Three weeks ago, much of the country was celebrating Labor Day, a time to rest from our toils and enjoy the company of family and friends. In Miami where I live, most of us were on edge, wondering if Hurricane Dorian would finally make the promised turn North, before hitting our shores. It was a familiar routine for my family. As much as the experts warn to be prepared at the start of storm season, I am a procrastinator by nature. That means long lines to buy the essentials; non-perishable food, water, batteries, and gas.
Tempers run short as stress runs high. Anyone who has lived in Miami any length of time has been through this routine before, and knows the devastation that can occur when one of these storms hit. Throughout the summer, I keep a wary eye on developments in the Tropics, and when a storm does develop, there is the seemingly endless tracking of the Cone of Concern.
Three years ago, Hurricane Irma had much of Florida in its sites, projected to be at least a category 4 when it hit. At one point, the cone of possible sites for landfall seemed to aim right for my house. I had lived through Hurricane Andrew over 20 years earlier. The devastation was still raw in my soul. I had ridden out several small storms since then, but things were different with Irma. I had children and pets to consider. I looked at the oaks that now towered high over my house and made the decision to evacuate. My spouse and I filled the 2 cars with as much as they could hold. I drove with my daughter, the 90-pound dog, and the guinea pig. My spouse drove with our son and the four cats.

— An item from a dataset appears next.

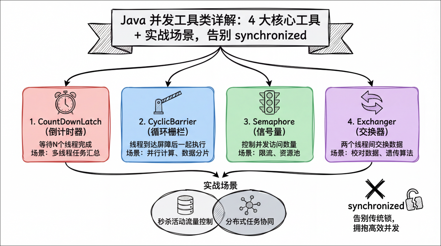 在 Java 并发编程中,synchronized虽然能解决线程同步问题,但功能单一、灵活性差,面对复杂场景(如多线程等待、流量控制、数据交换)时力不从心。JDK 提供的CountDownLatch、CyclicBarrier、Semaphore、Exchanger四大并发工具类,基于 AQS(队列式同步器)实现,能更优雅地处理各类并发场景。本文用 “生活场景 + 代码示例” 的方式,带你吃透这 4 个工具类,面试和工作都能用得上!

In retrospect, the evacuation process was almost as stressful as the storm itself. On a normal day, I can reach Atlanta from my house in about 10 hours. On this day, it took 24 hours. Driving behind my spouse, I felt helpless as I watched her drift over the lane markers, ever fearful that in her present state of exhaustion that she would run off the road. We couldn’t count on gas being readily available so we stopped frequently to top off the tanks and check on the animals. When we finally reached our destination, I remember sliding out of the car, barely able to move.
I thought that being safe would give me a sense of peace, and yet I found my heart pounding as I lay awake watching storm coverage, worried for friends and colleagues left behind, as well as our home. Fortunately, Irma’s wrath was not as bad as initially feared and we returned home in a few days. While our lives and property were spared, I still suffer from extreme anxiety as storm season approaches, worried that once again we will have to evacuate, or worse, that I might lose all that I own.
Fortunately, for those of us in South Florida, Hurricane Dorian, the ferocious category 5 storm that decimated much of the Bahamas, turned before striking our coast. For days, I felt mesmerized by the constant coverage of the devastation. I watched as shell shocked survivors recounted their stories of survival. Some, unable to put in words all that they had seen, sat quiet, trying to process the unimaginable loss and terror. Others could do nothing but cry.
As relief efforts pour into the Bahamas, including food, water, and medical care, I can’t help but wonder about the psychological damage created by this storms fury. It left in its wake unimaginable stress, grief, anxiety, helplessness and hopelessness. With the realities of climate change becoming ever more apparent, it is time that we add the devastating impact to mental health to the conversation.